This collection of 30 patches and decals, designed by Ben Noe for Expedition Souvenirs, are not only spot-on beautiful, they offer a great lesson in how to design for the medium. If you’ve ever designed artwork that will be stitched, you know how vexing the decision-making process can be.
I asked Ben if he had any pointers for designing an embroidered patch and he shared these:
“First, because of the size and nature of embroidery thread, you have to accept the fact that only so much detail is possible. The smaller your details, the less legible they become. Also, gradients and subtle shifts in color do not render very well in embroidery. Therefore, it’s best to design using bolder, thicker, simplified lines and shapes, and a limited color palette with significant contrast between colors.

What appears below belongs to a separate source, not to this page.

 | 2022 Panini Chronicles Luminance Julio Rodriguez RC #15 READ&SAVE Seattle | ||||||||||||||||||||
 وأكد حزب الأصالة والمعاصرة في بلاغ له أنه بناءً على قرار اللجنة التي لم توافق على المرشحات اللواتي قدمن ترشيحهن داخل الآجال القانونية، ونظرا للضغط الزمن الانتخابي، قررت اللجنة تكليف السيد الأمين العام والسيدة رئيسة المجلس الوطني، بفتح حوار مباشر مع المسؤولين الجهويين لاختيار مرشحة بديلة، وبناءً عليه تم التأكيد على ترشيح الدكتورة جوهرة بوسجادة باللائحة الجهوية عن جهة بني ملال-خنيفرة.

“Finally,” he tells us, “Unless you’ve been blessed with your own embroidery equipment, chances are you’ll need to use an embroidery vendor to get your designs produced. Communication between you and your vendor is key, especially when it comes to selecting the right thread colors.”

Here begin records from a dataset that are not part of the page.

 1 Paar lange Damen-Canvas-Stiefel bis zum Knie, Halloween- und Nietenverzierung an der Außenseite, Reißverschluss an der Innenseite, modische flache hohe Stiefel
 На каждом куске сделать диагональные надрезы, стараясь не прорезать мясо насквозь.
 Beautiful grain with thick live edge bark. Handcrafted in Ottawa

Note too that Noe uses quite a few different typefaces in heavy to light weights and manages to choose faces that remain quite readable. I also suggest you study the decal to patch comparison I created below. It was useful to me to see how the print colors translate to thread colors and how the illustration shapes render from print to patch.
Great compositions, deft use of typography, and bright, fresh color palettes—can’t beat that.